# [Assigned task]
With the pictures left out, repeat every entry that follows exactly.

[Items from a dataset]

-- -- --

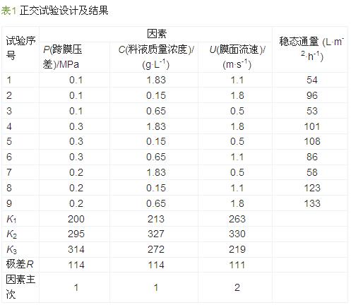 以跨膜壓差(P)、料液濃度(C)及膜面流速(U)為試驗因素進行正交試驗,每個因素各取3個水平,測定相應情況下的穩態通量,并利用Excel軟件進行正交分析,結果見表1。
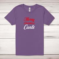 Merry Christmas Cunts Adult T-ShirtA rude unisex adult t-shirt with 'Merry Christmas Cunts' printed across the front of a 100% cotton* t-shirt. This rude t-shirt is great as a gift for any occasion.All of our unisex adult t-shirts are designed and hand-printed in the UK and are manufactured from 100% ringspun cotton for a premium quality feel and feature double-stitched waist hem and sleeves, seamless double-needle collar, taped neck and shoulders, and a tubular body that has been quarter turned to avoid a centre crease; available in sizes from Extra Small to 4XL*. *Black & White tees available in sizes XS - 4XL, all other colours available XS - 2XL Size GuideUnisex adult t-shirts are measured across the chest, in inchesXS 30/32'S 34/36'M 38/40'L 42/44'XL 46/48'2XL 50/52'3XL 54/56'4XL 58/60'See more on our clothing size guide (opens in new tab)Please NoteAll of our items are hand-printed to order, as a result, colours may vary between prints - images are for illustration purposes only.Show more products with the Merry Christmas Cunts design
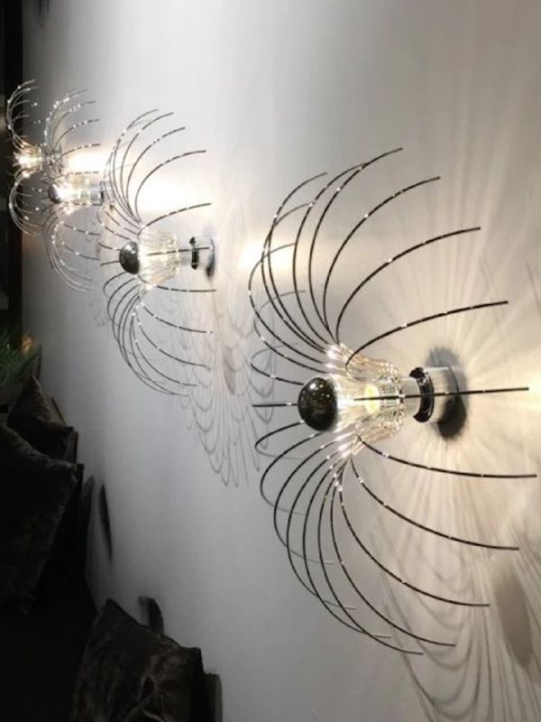 Настенный светильник Spider — одна из безусловных звёзд каталога Aromas del Campo. Дизайн этого бра запоминается с первого взгляда и цепляет надолго: своими тонкими прутьями-лапками Spider вмиг оживляет пространство, позволяя прекратить поиски необычного декора для стен в гостиной или прихожей.Вы можете купить бра Spider Aromas del Campo в двух размерах: 30 или 52 сантиметра в диаметре. Для окраски харизматичного светильника-паука на фабрике предлагают ни много ни мало пять оттенков: хром, матовый хром, золото, матовое золото, медь. Патрон у светильника типичный — Е27. Для полноты образа производитель реализует модель вместе с красивой брендовой лампочкой.
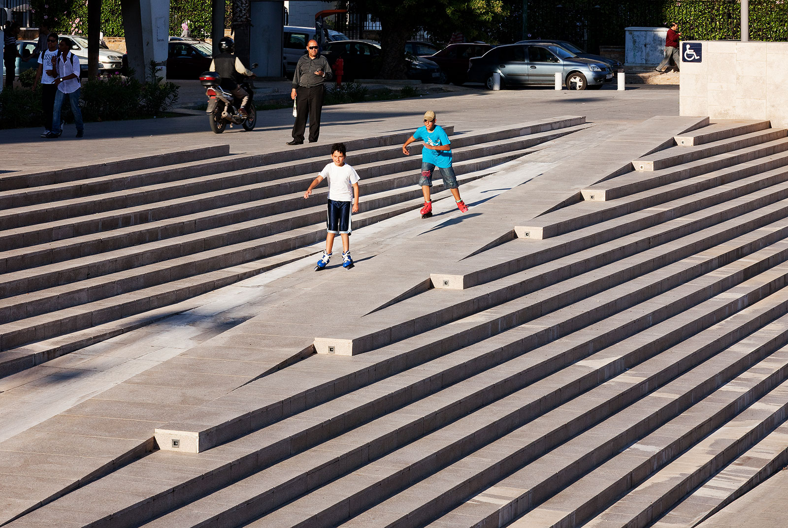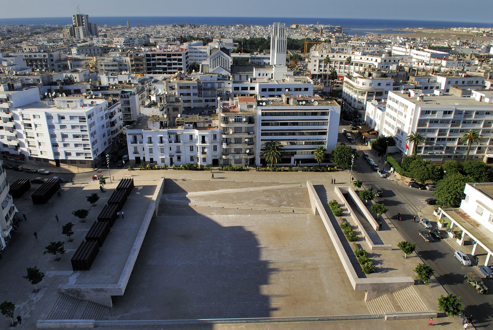 Situated in the heart of Morocco’s capital city of Rabat, the plaza creates a dynamic new public gathering space which encourages both planned and spontaneous urban and cultural events. Previously, the plaza consisted of the residual space between four vehicular roads. By sinking the core of the plaza and re-attaching two sides of the plaza to pedestrian thoroughfares, we created an urban ‘living room’ which shelters public activity from the busy streets. The primary entry to the plaza consists of an integrated ramp structure which gives the plaza the quality of an outdoor auditorium. The materiality and tectonics of the plaza are intentionally mute, and the use of local granite reinforces the illusion that the project is carved out of the landscape; the building is not ‘added,’ but rather ‘subtracted’ from its site.
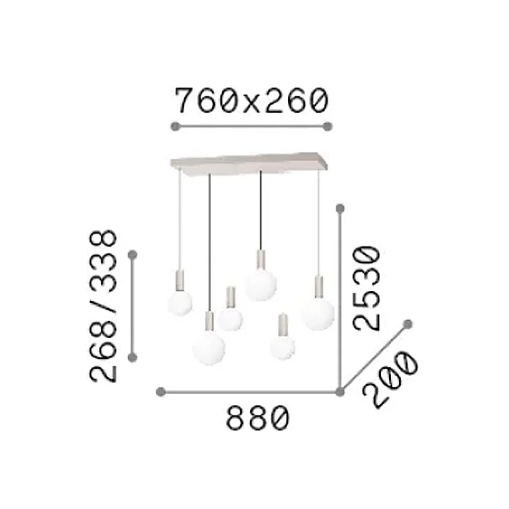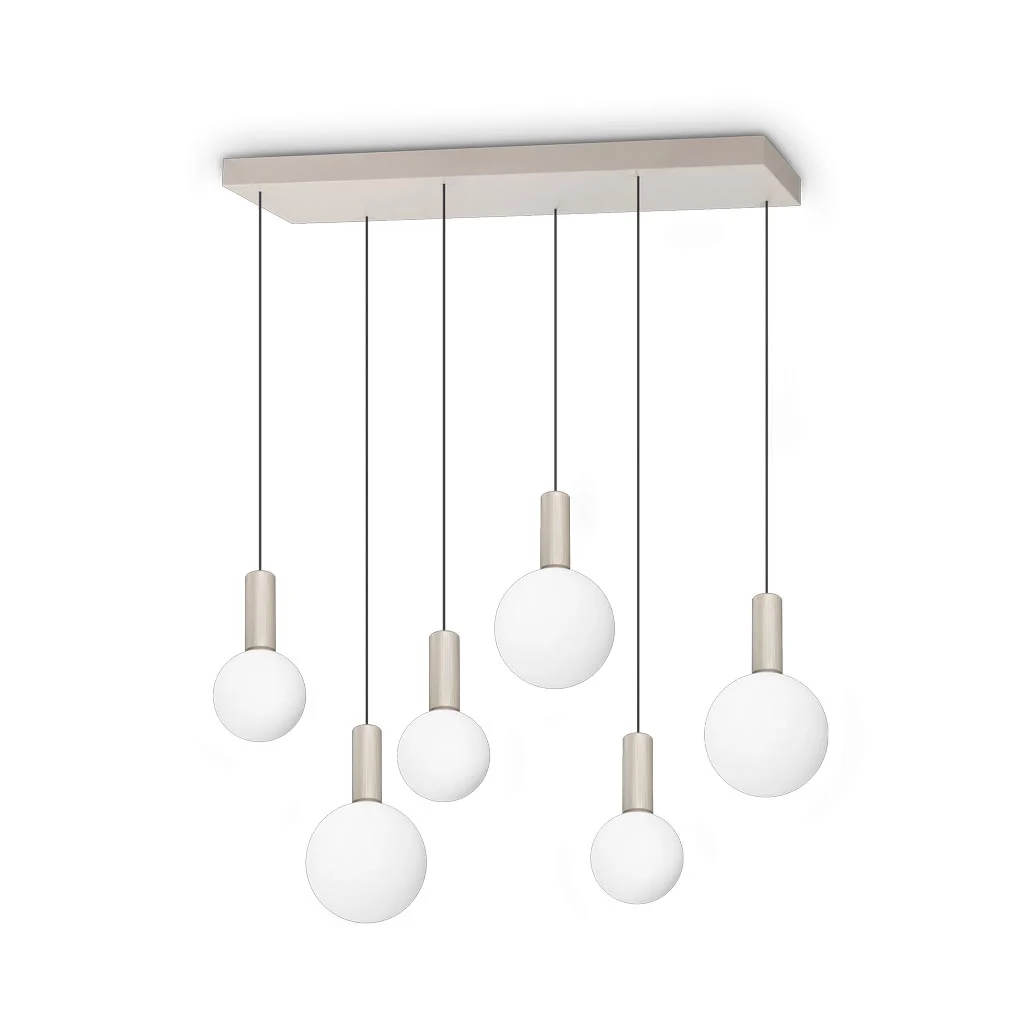 Die Ideal Lux Odeon SP6 Linear LED-Pendelleuchte überträgt das charakteristische Odeon-Design in eine klare, lineare Anordnung. Sechs kugelförmige Leuchten sind in unterschiedlichen Abhängungen entlang einer rechteckigen Deckenrosette positioniert und bilden eine ruhige, ausgewogene Lichtlinie mit architektonischer Wirkung. Das Ergebnis ist ein modernes, stilvolles Erscheinungsbild, das Struktur und Leichtigkeit harmonisch vereint.

-- -- --

# [Exercise answer]
 以跨膜壓差(P)、料液濃度(C)及膜面流速(U)為試驗因素進行正交試驗,每個因素各取3個水平,測定相應情況下的穩態通量,并利用Excel軟件進行正交分析,結果見表1。
 Merry Christmas Cunts Adult T-ShirtA rude unisex adult t-shirt with 'Merry Christmas Cunts' printed across the front of a 100% cotton* t-shirt. This rude t-shirt is great as a gift for any occasion.All of our unisex adult t-shirts are designed and hand-printed in the UK and are manufactured from 100% ringspun cotton for a premium quality feel and feature double-stitched waist hem and sleeves, seamless double-needle collar, taped neck and shoulders, and a tubular body that has been quarter turned to avoid a centre crease; available in sizes from Extra Small to 4XL*. *Black & White tees available in sizes XS - 4XL, all other colours available XS - 2XL Size GuideUnisex adult t-shirts are measured across the chest, in inchesXS 30/32'S 34/36'M 38/40'L 42/44'XL 46/48'2XL 50/52'3XL 54/56'4XL 58/60'See more on our clothing size guide (opens in new tab)Please NoteAll of our items are hand-printed to order, as a result, colours may vary between prints - images are for illustration purposes only.Show more products with the Merry Christmas Cunts design
 Настенный светильник Spider — одна из безусловных звёзд каталога Aromas del Campo. Дизайн этого бра запоминается с первого взгляда и цепляет надолго: своими тонкими прутьями-лапками Spider вмиг оживляет пространство, позволяя прекратить поиски необычного декора для стен в гостиной или прихожей.Вы можете купить бра Spider Aromas del Campo в двух размерах: 30 или 52 сантиметра в диаметре. Для окраски харизматичного светильника-паука на фабрике предлагают ни много ни мало пять оттенков: хром, матовый хром, золото, матовое золото, медь. Патрон у светильника типичный — Е27. Для полноты образа производитель реализует модель вместе с красивой брендовой лампочкой.
 Situated in the heart of Morocco’s capital city of Rabat, the plaza creates a dynamic new public gathering space which encourages both planned and spontaneous urban and cultural events. Previously, the plaza consisted of the residual space between four vehicular roads. By sinking the core of the plaza and re-attaching two sides of the plaza to pedestrian thoroughfares, we created an urban ‘living room’ which shelters public activity from the busy streets. The primary entry to the plaza consists of an integrated ramp structure which gives the plaza the quality of an outdoor auditorium. The materiality and tectonics of the plaza are intentionally mute, and the use of local granite reinforces the illusion that the project is carved out of the landscape; the building is not ‘added,’ but rather ‘subtracted’ from its site.
 Die Ideal Lux Odeon SP6 Linear LED-Pendelleuchte überträgt das charakteristische Odeon-Design in eine klare, lineare Anordnung. Sechs kugelförmige Leuchten sind in unterschiedlichen Abhängungen entlang einer rechteckigen Deckenrosette positioniert und bilden eine ruhige, ausgewogene Lichtlinie mit architektonischer Wirkung. Das Ergebnis ist ein modernes, stilvolles Erscheinungsbild, das Struktur und Leichtigkeit harmonisch vereint.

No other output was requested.